▸ **To do**:
When you give the entries again, keep every word as it stands and drop the pictures.

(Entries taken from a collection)
▬▬▬▬▬▬

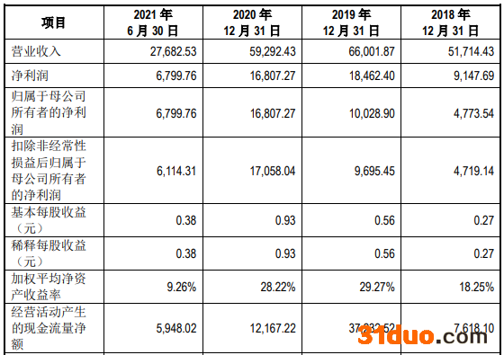 今年前三季度,公司净利润继续下降。2021年1-9月,亨迪药业营业收入为4.18亿元,同比减少1.00%;净利润为9935.23万元,同比下降23.30%;经营活动产生的现金流量净额为7548.10万元,同比下降6.65%。
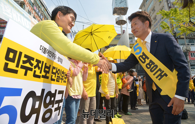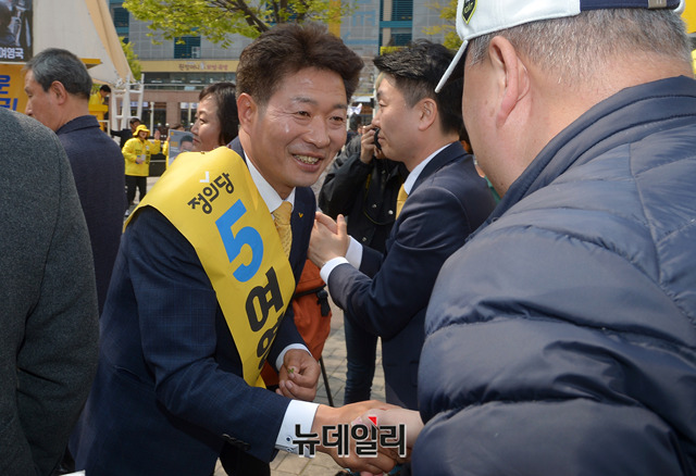 여영국 정의당 창원성산 보궐선거 후보가 30일 오후 경남 창원시 상남분수광장에서 시민들에게 지지를 호소하고 있다.
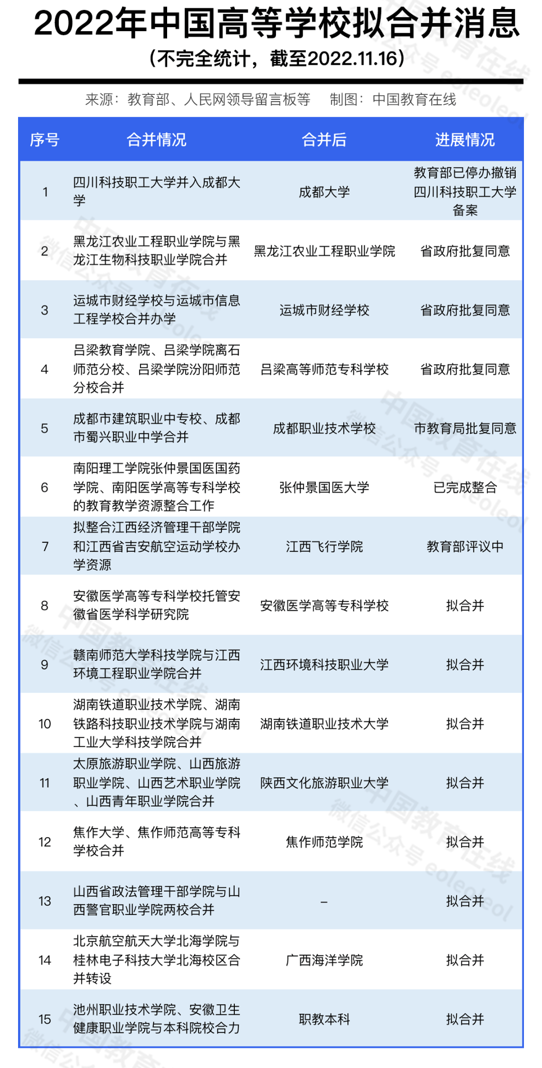 2022年有多所学校传出了要合并的消息,涉及到30多所高校,将合并成15所。
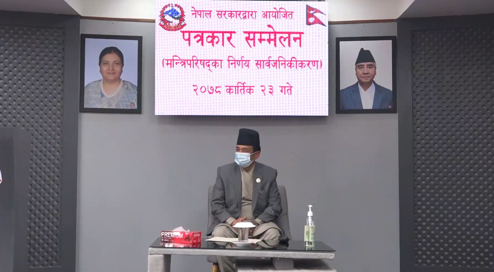 सरकारले बेमौसमी बर्षाका र बाढी,  ढुवानका कारण धान बालीमा भएको क्षतिको अध्ययन गर्न गठित कार्यदलले पेश गरेको कार्यबिधिलाई स्वीकृत गरेको छ । मन्त्रिपरिषद्का निर्णय सार्वजनिक गर्न मंगलबार सिंहदरबारमा आयोजित पत्रकार सम्मेलनमा सरकारका प्रवक्ता ज्ञानेन्द्र बहादुर कार्कीले धान बालीमा भएको क्षतिको अध्ययन गरि राहत उपलव्ध गराउने सम्बन्धमा गठित कार्यदलको कार्यबिधि स्वीकृत गर्ने निर्णय गरेको जानकारी दिनुभयो । बैठकले  रुपन्देहीको मोतिपुर औधोगिक करिडोर घटनामा ज्यान गुमाएका मृतक परिवारलाई राहत दिने निर्णय पनि गरेको छ । त्यस्तै कुश्मामा ४०० केभि सवस्टेशन र जुम्ला सवस्टेशनका लागि जग्गा प्राप्तीका लागि स्वीकृत दिने निर्णय पनि गरेको छ भने किर्तिपुर नगरपालीका र चीनको एक शहरबीच भगिनी सम्बन्ध कायम गर्नका लागि अनुमति दिने निर्णय पनि बैठकले गरेको प्रवक्त कार्कीले जानकारी दिनुभयो । त्यस्तै बैठकले लोक सेवा आयोगको सिफारिस बमोजिम बिभिन्न सेवाका राजपत्राङ्कित प्रथम श्रेणिमा नियुक्त गर्न स्वीकृत दिने र जेनेभामा हुने स्वास्थ्य सम्बन्धी सम्मेलनमा भाग लिन स्वीकृती प्रदान गर्ने निर्णय भएको उहाले बताउनुभयो । उहाले सवै नागरिकलाई कोरोनाबिरुद्धको खोप दिन सरकार प्रतिवद्ध रहेको र बालबालिकाका लागि पनि छिटै खोप उपलव्ध गराउने जानकारी दिनुभयो । त्यस्तै मन्त्रिपरिषद्ले प्रदेश १ मा पर्शुराम खापुङ, कर्णालीमा तिलक परियार र सुदूरपश्चिममा देवराज जोशीलाई प्रदेश प्रमुख नियुक्त गर्न सिफारिस गरेको बताइएको छ ।
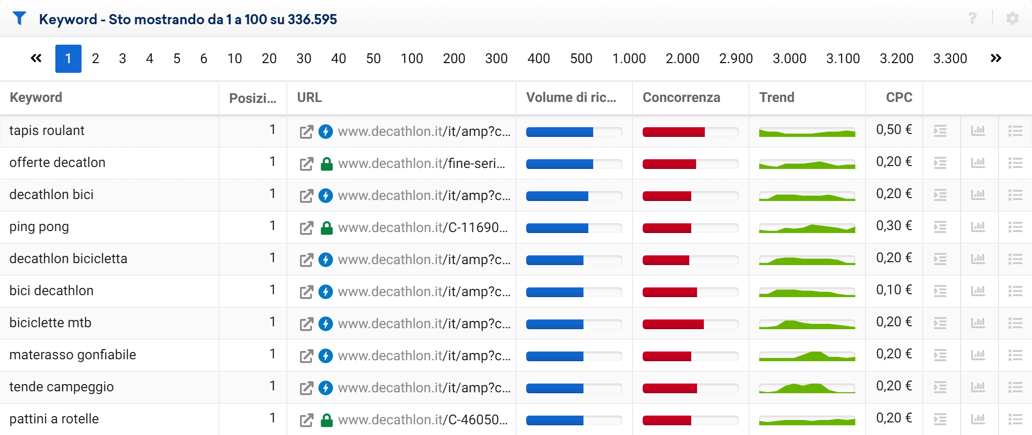 Da impostazione predefinita, nella colonna seguente viene visualizzato anche CPC, non mostrato nell’immagine precedente. Il CPC è il valore del Costo Per Click per quella keyword, e si riferisce al prezzo dei clic per Google Ads: esso può differire a seconda della campagna, ma è un buon modo per capire quanto è costosa una keyword.

▬▬▬▬▬▬

▸ **Answer for the task**:
 今年前三季度,公司净利润继续下降。2021年1-9月,亨迪药业营业收入为4.18亿元,同比减少1.00%;净利润为9935.23万元,同比下降23.30%;经营活动产生的现金流量净额为7548.10万元,同比下降6.65%。
 여영국 정의당 창원성산 보궐선거 후보가 30일 오후 경남 창원시 상남분수광장에서 시민들에게 지지를 호소하고 있다.
 2022年有多所学校传出了要合并的消息,涉及到30多所高校,将合并成15所。
 सरकारले बेमौसमी बर्षाका र बाढी,  ढुवानका कारण धान बालीमा भएको क्षतिको अध्ययन गर्न गठित कार्यदलले पेश गरेको कार्यबिधिलाई स्वीकृत गरेको छ । मन्त्रिपरिषद्का निर्णय सार्वजनिक गर्न मंगलबार सिंहदरबारमा आयोजित पत्रकार सम्मेलनमा सरकारका प्रवक्ता ज्ञानेन्द्र बहादुर कार्कीले धान बालीमा भएको क्षतिको अध्ययन गरि राहत उपलव्ध गराउने सम्बन्धमा गठित कार्यदलको कार्यबिधि स्वीकृत गर्ने निर्णय गरेको जानकारी दिनुभयो । बैठकले  रुपन्देहीको मोतिपुर औधोगिक करिडोर घटनामा ज्यान गुमाएका मृतक परिवारलाई राहत दिने निर्णय पनि गरेको छ । त्यस्तै कुश्मामा ४०० केभि सवस्टेशन र जुम्ला सवस्टेशनका लागि जग्गा प्राप्तीका लागि स्वीकृत दिने निर्णय पनि गरेको छ भने किर्तिपुर नगरपालीका र चीनको एक शहरबीच भगिनी सम्बन्ध कायम गर्नका लागि अनुमति दिने निर्णय पनि बैठकले गरेको प्रवक्त कार्कीले जानकारी दिनुभयो । त्यस्तै बैठकले लोक सेवा आयोगको सिफारिस बमोजिम बिभिन्न सेवाका राजपत्राङ्कित प्रथम श्रेणिमा नियुक्त गर्न स्वीकृत दिने र जेनेभामा हुने स्वास्थ्य सम्बन्धी सम्मेलनमा भाग लिन स्वीकृती प्रदान गर्ने निर्णय भएको उहाले बताउनुभयो । उहाले सवै नागरिकलाई कोरोनाबिरुद्धको खोप दिन सरकार प्रतिवद्ध रहेको र बालबालिकाका लागि पनि छिटै खोप उपलव्ध गराउने जानकारी दिनुभयो । त्यस्तै मन्त्रिपरिषद्ले प्रदेश १ मा पर्शुराम खापुङ, कर्णालीमा तिलक परियार र सुदूरपश्चिममा देवराज जोशीलाई प्रदेश प्रमुख नियुक्त गर्न सिफारिस गरेको बताइएको छ ।
 Da impostazione predefinita, nella colonna seguente viene visualizzato anche CPC, non mostrato nell’immagine precedente. Il CPC è il valore del Costo Per Click per quella keyword, e si riferisce al prezzo dei clic per Google Ads: esso può differire a seconda della campagna, ma è un buon modo per capire quanto è costosa una keyword.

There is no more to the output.